# New camera, so lots of pics!



## aliasalie (Aug 25, 2011)

Hey guys!!

Just got my hands on my new camera (Nikon J1), so going a bit silly taking pictures-- whereas the humans in this house throw fits about still being in their nighties, the birds are far more cooperative 

Also, I am so very much procrastinating right now! Who needs to write a psych lit review anyhow... wet birds are so much more amusing! 









Casper with a messed up wet crest









Penny's post bath snack









Preening is forever a group sport in this house









Alex and Penny: love birds giving each other scritches









Alex: doesn't really ever get wet u_u









More beautiful Alex









Penny: post bath nap time-- because all that post bath eating and preening is exhausting!!









More napping-- she starts rocking back and forth as she dozes off, soooo cute!

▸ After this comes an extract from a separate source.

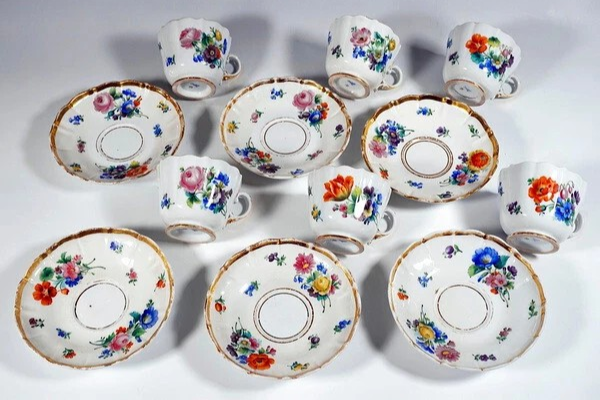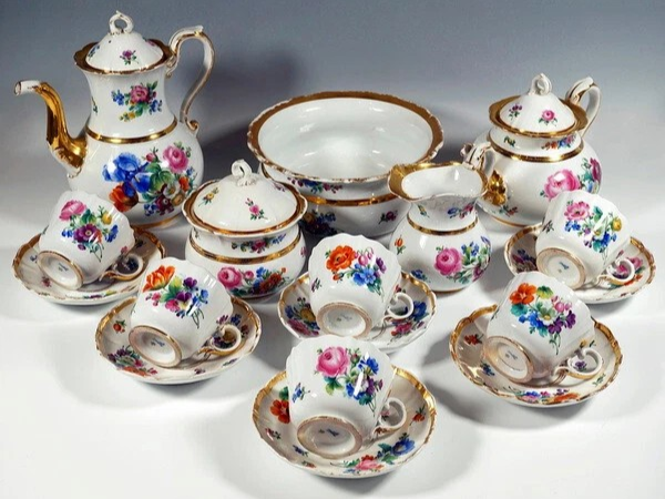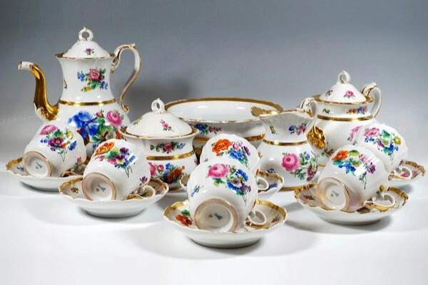 W skład kompletu porcelany miśnieńskiej wchodzi: dzbanek, imbryk, mlecznik, cukiernica, miska, 6 x filiżanka, 6 x spodek.

MORE napping-- eating and preening really do a number of her  All the green stuff on her back was the reason we were giving her a bath to being with-- she got a scab on her back after destroying a new pin, and the vet suggested aloe vera gel to help soften the skin-- the stuff is water soluble, so we were trying to get it off before applying a fresh layer









Beautiful Emily

Hope you enjoyed my babies!


----------



## MeanneyFids (Aug 24, 2010)

theyre all so fluffy and adorable!


----------



## Scribbles (Jun 28, 2012)

I love your photos. Ohhh I love your birds! I can't cuddle them, so I'll have to go give Monte a cuddle and think of your delightful birdies.


----------



## stevechurch2222 (Sep 25, 2011)

Those are absolutely gorgeous photos and beautiful cockatiels.I enjoyed all the pictures.


----------



## aliasalie (Aug 25, 2011)

Thanks guys!

@Scribbles: Funny you should say that! My siblings and I have a huge crush on your cute little Monte since he looks so much like our Casper! =D

Also, have I ever mentioned that Emily is a bit of a vampire? yea, she likes to draw blood and doesn't always show up on film...








So we had to draw her in


----------



## Renae (Feb 9, 2008)

They are lovely.


----------



## JaimeS (Nov 28, 2011)

Your birds are gorgeous!


----------



## CritterKeeper (May 21, 2012)

Awh! Those are absolutely wonderful pictures!! And I love Emily as a vampire, that's truly adorable.


----------



## meaggiedear (Nov 20, 2011)

aliasalie said:


> Thanks guys!
> 
> @Scribbles: Funny you should say that! My siblings and I have a huge crush on your cute little Monte since he looks so much like our Casper! =D
> 
> ...


LOL. this made me giggle.


----------



## Amyy (Apr 23, 2011)

beautiful pictures!


----------



## LucyPie (Sep 18, 2012)

I love your birds!


----------



## SunnyNShandy (May 24, 2012)

Gorgeous pics -you're birds are beautiful! What kind of camera did you get?


----------